Scenario Based Questions · Lesson 11 of 13
Scenario: Design a Healthcare AI Chatbot
The Interview Question
"Design a pharmaceutical information chatbot that helps users look up drug information, check drug interactions, and get dosage guidance. It should be accurate, safe, and scale to 100,000 daily users."
This is a classic AI systems design question. The interviewer is testing whether you understand RAG, safety, scalability, and real-world trade-offs.

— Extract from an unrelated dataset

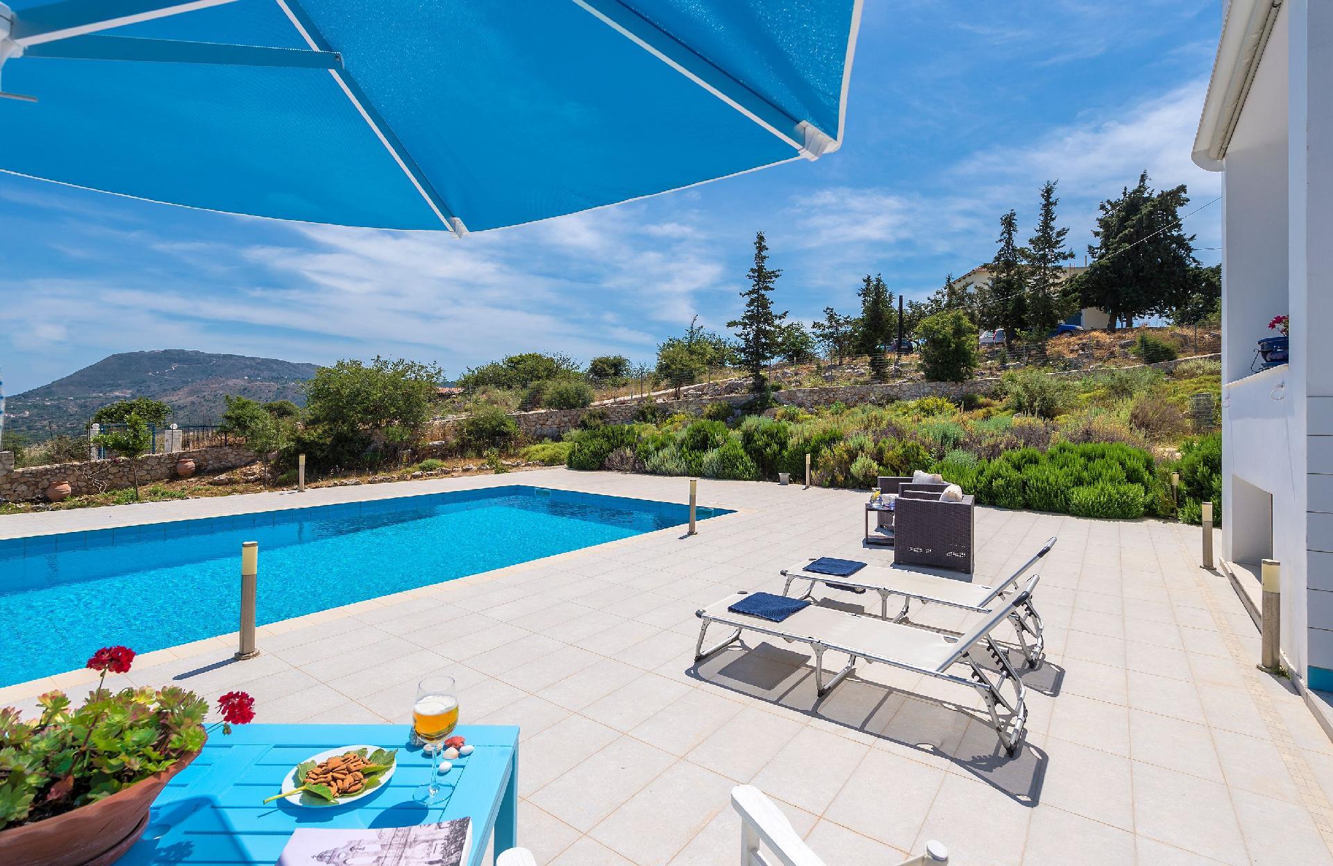 The most distinctive features of the villa are its views: mountains, sea, and the ambiance of the surrounding countryside with its herbs, carob, cypress, and olive trees. The Villa is well-designed, well-equipped and comfortable. The Villa is reached by a fully asphalted 4-meter-wide road and is 800 meters, from the main road. Its location allows you to visit all areas of Crete efficiently.

Step 1: Clarify Requirements
Before drawing boxes, ask clarifying questions:
- User type: General public or healthcare professionals? (Different safety requirements)
- Sources: What drug database do we have access to? (FDA, RxNorm, proprietary?)
- Language: English only or multilingual?
- Regulatory: Is this a regulated medical device (FDA 510k) or an informational tool?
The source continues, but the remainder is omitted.